--- ASSIGNED TASK ---
Output exactly, and only, the stretch of lines beginning at the line with "Молитовний барабан на" and ending at the last line of the listing below. Drop the pictures.
──────
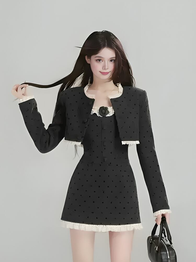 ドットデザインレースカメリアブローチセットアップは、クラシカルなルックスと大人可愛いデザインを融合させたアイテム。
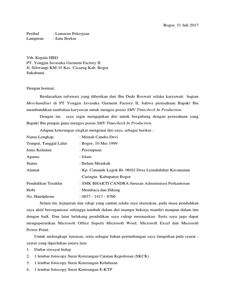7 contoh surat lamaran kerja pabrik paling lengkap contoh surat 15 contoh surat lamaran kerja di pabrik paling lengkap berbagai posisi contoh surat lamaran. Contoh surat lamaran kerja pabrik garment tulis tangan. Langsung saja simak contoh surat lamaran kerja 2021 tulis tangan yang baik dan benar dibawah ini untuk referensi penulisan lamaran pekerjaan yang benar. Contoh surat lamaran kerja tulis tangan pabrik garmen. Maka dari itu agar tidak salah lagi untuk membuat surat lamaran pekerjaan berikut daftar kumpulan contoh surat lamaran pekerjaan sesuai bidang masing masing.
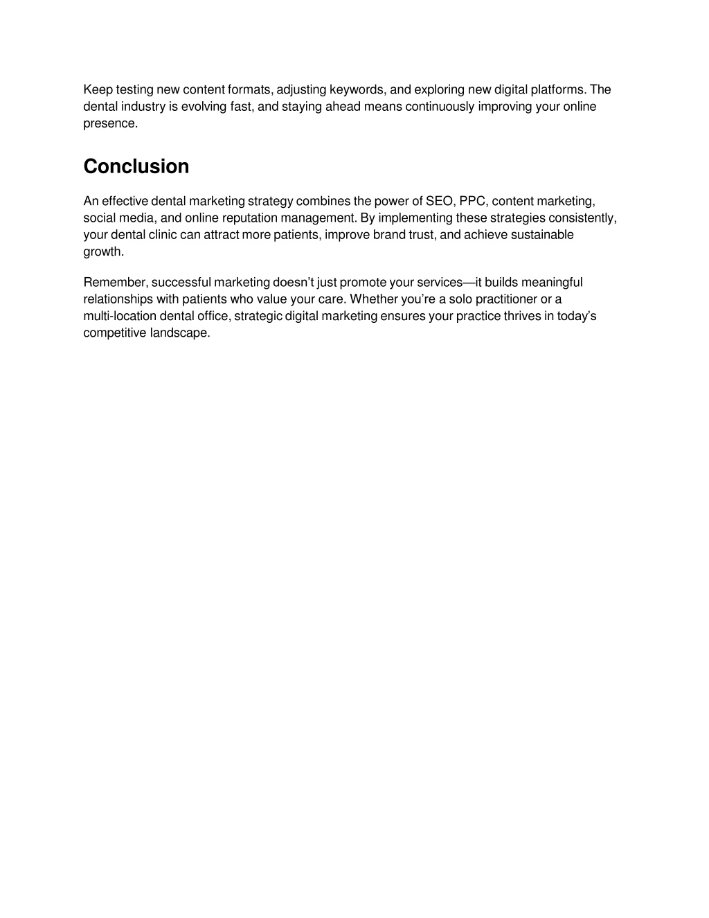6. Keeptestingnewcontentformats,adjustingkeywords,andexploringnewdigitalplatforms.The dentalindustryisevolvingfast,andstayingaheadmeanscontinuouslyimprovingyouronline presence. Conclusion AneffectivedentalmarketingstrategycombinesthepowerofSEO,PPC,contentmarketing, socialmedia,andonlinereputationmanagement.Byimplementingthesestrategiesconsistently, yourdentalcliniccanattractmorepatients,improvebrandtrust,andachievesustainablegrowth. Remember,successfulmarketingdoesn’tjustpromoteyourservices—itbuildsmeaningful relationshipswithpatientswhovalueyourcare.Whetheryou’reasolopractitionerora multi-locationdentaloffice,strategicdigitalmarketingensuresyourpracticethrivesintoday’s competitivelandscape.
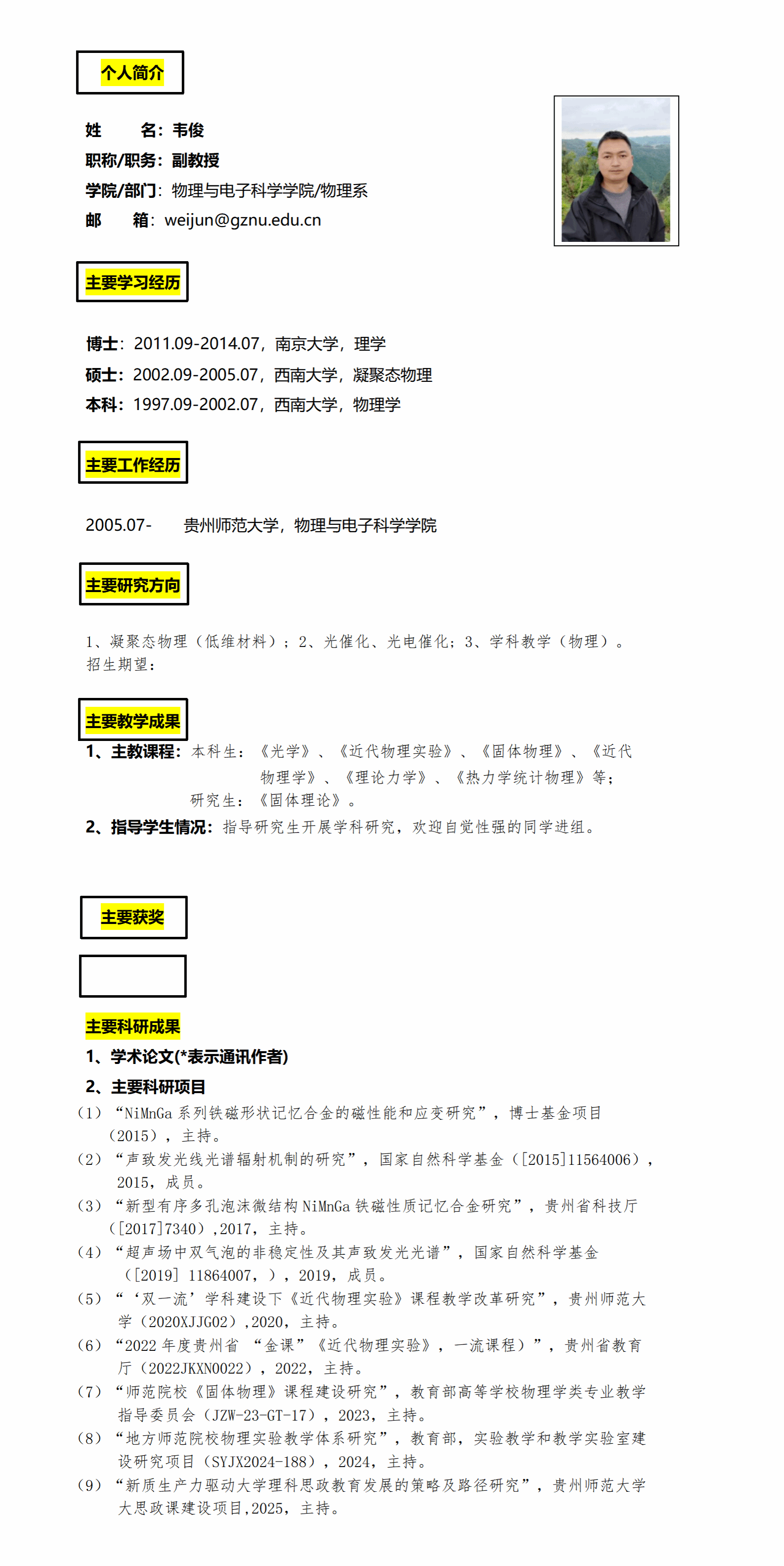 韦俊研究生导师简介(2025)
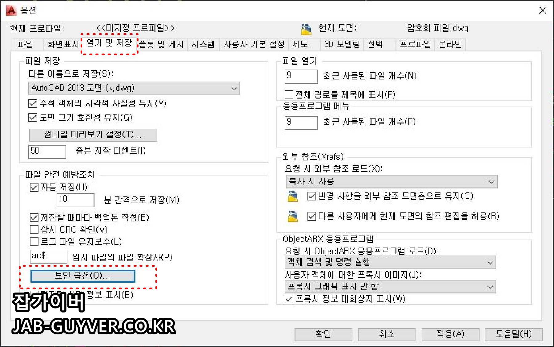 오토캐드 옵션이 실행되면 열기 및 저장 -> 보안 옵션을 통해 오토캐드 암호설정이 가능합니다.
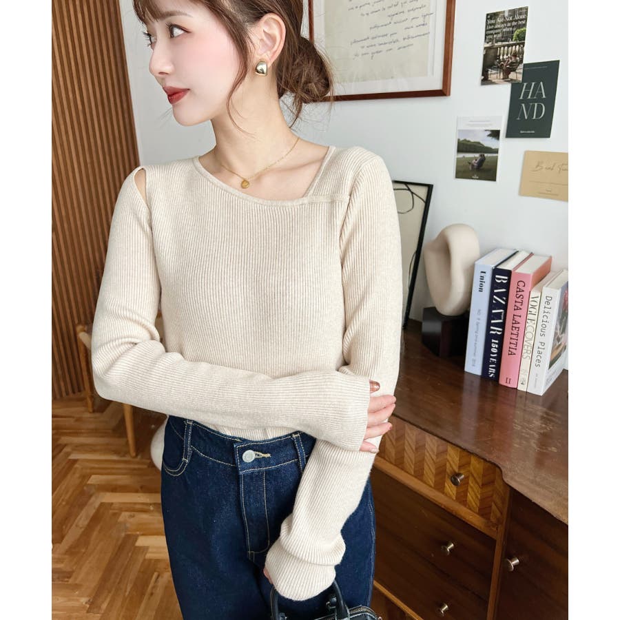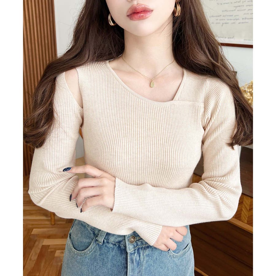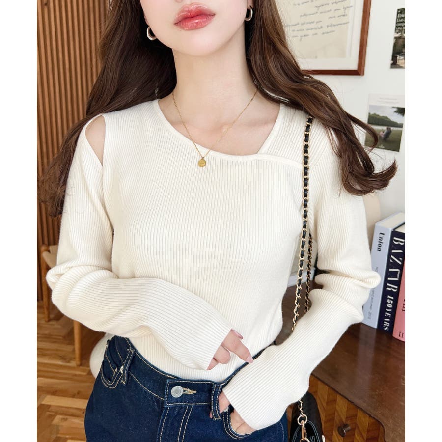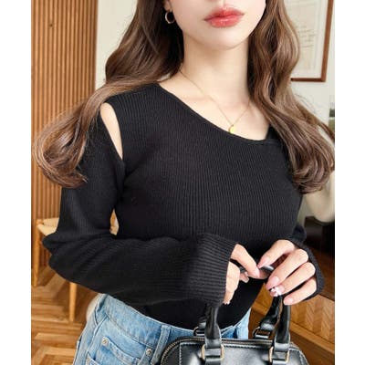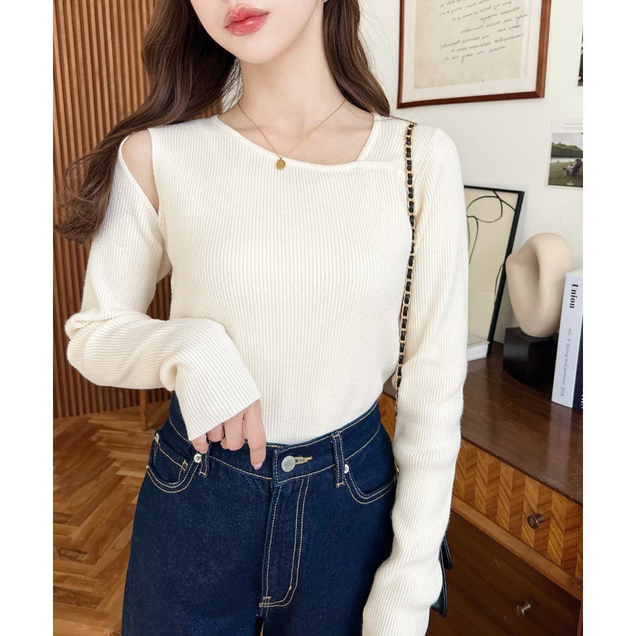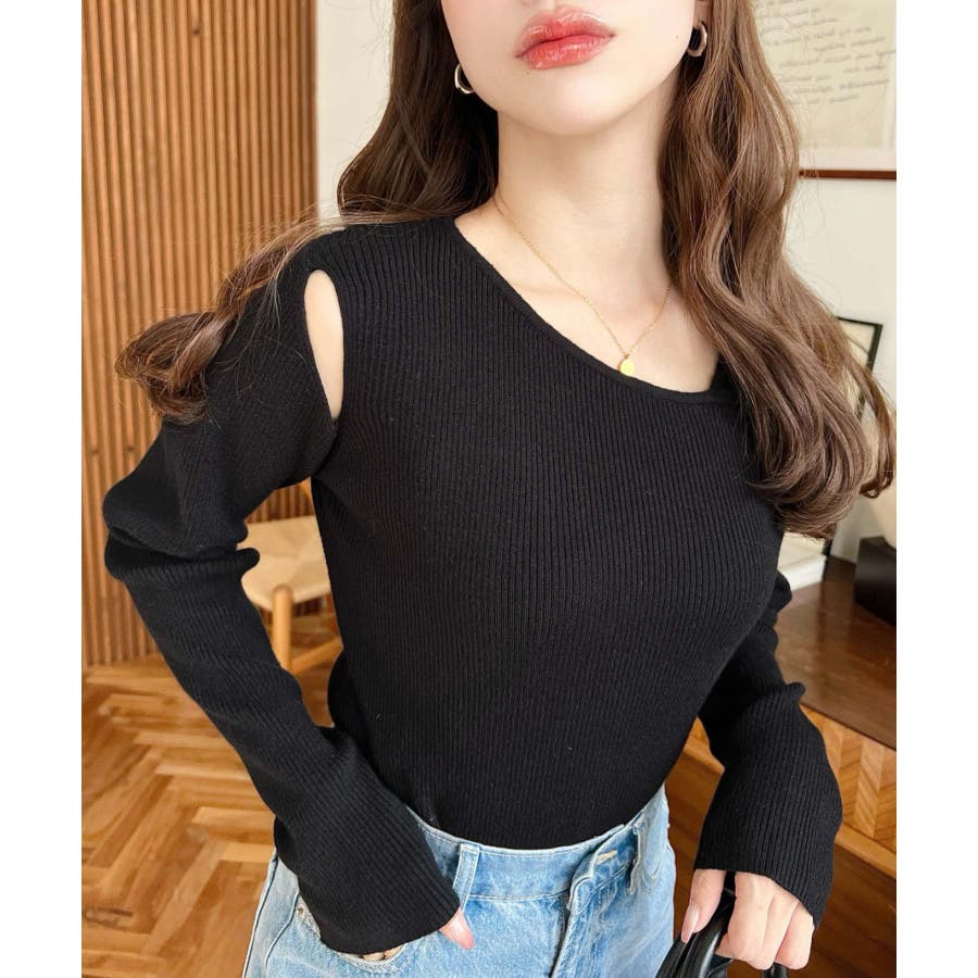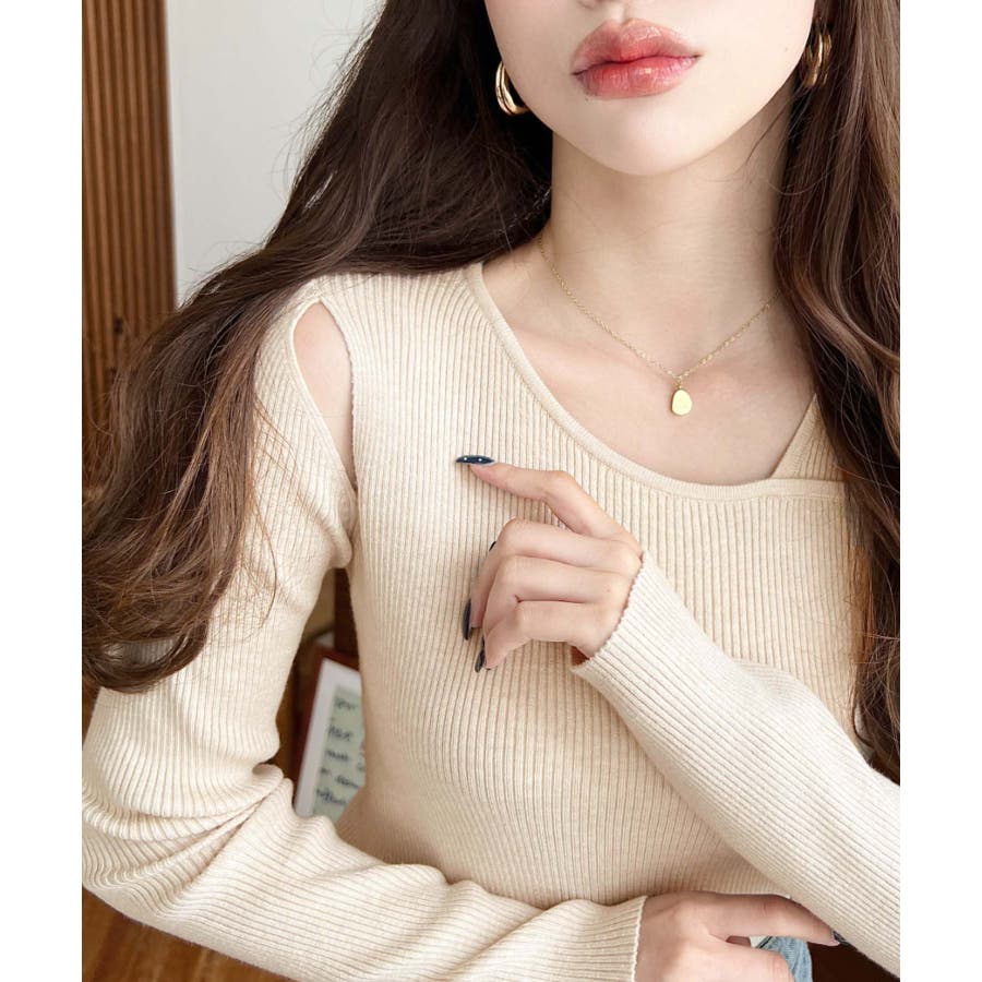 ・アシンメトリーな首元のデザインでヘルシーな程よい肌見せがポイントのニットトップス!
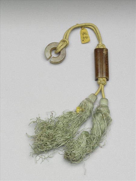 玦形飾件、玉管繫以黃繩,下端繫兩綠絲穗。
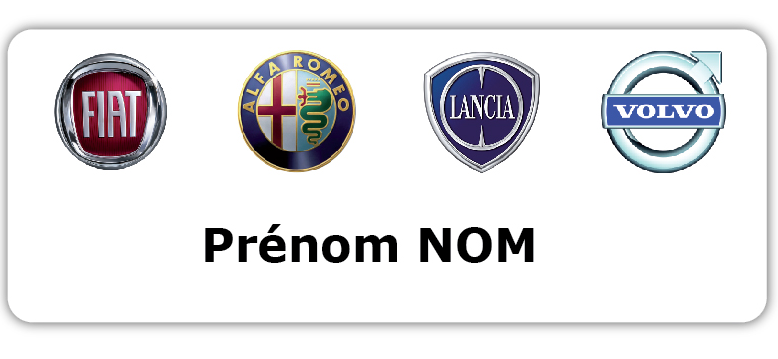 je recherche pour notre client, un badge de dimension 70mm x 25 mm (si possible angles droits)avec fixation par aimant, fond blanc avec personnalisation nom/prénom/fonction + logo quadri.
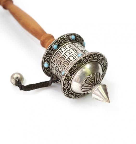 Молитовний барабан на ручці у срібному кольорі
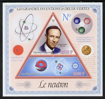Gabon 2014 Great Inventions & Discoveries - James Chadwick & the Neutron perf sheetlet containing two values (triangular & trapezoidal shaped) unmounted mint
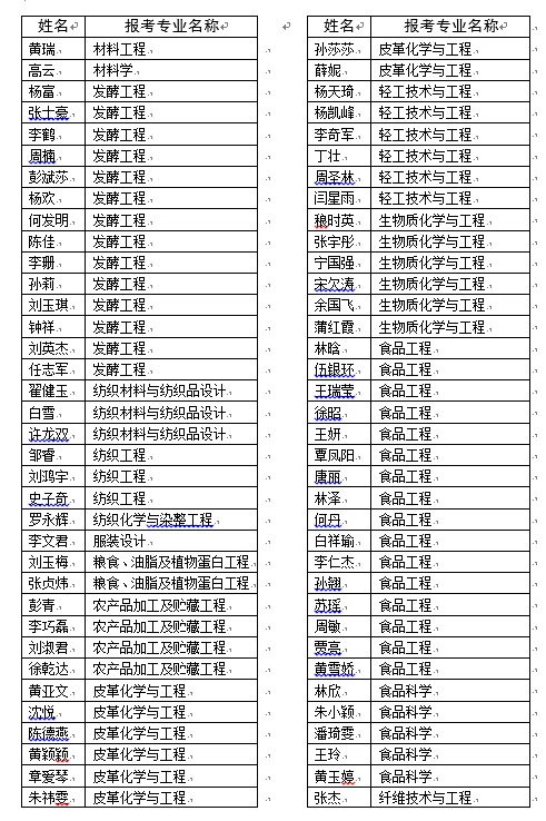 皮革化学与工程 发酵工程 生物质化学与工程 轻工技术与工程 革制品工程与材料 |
──────
--- FINISHED EXERCISE ---
 Молитовний барабан на ручці у срібному кольорі
Gabon 2014 Great Inventions & Discoveries - James Chadwick & the Neutron perf sheetlet containing two values (triangular & trapezoidal shaped) unmounted mint
 皮革化学与工程 发酵工程 生物质化学与工程 轻工技术与工程 革制品工程与材料 |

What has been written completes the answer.